In any event, the Defendants’ complaint came too late. Although the person who overheard the jurors’ conservation on the third day of the trial brought it to the attention of the Defendants’ attorneys immediately, it was not until the following day when the jury had heard further testimony, the attorneys’ arguments and the Court’s charge and had retired to deliberate that the Defendants’ attorneys informed the Justice of the claimed misconduct. Counsel then filed formal motions which the Justice later acted upon following the jury verdicts of guilty.

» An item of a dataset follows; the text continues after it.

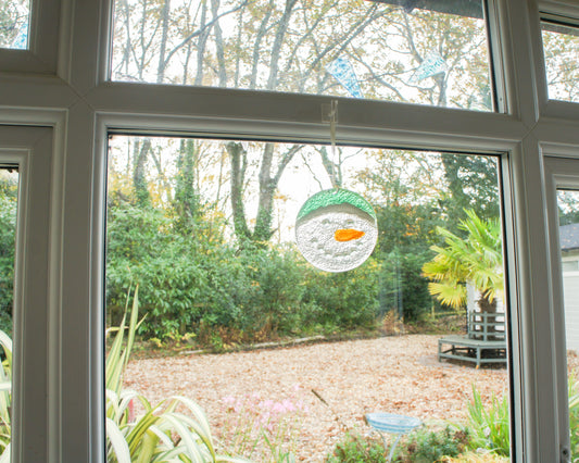 Robin Fused Glass Suncatcher - 12cm(5") with ribbon and organza bag

If the Defendants felt danger of prejudice from the jurors’ conversation, it was counsels’ duty to have brought the matter to the Court’s attention immediately so that the Court might have given a curative or cautionary instruction. A party feeling himself prejudiced by misconduct may not remain silent through the remainder of his trial, depriving the Court of possible opportunity to correct any error, in order that his choice whether or not to claim right to a new trial may rest upon his last minute evaluation of his chances of success in the present trial. McGuffie v. Hooper, 122 Me. 118, 119 A. 111 (1922); Belcher v. Estes, 99 Me. 314, 59 A. 439 (1904).

Appeals denied.

All Justices concurring.

POMEROY and WERNICK, JJ., did not sit.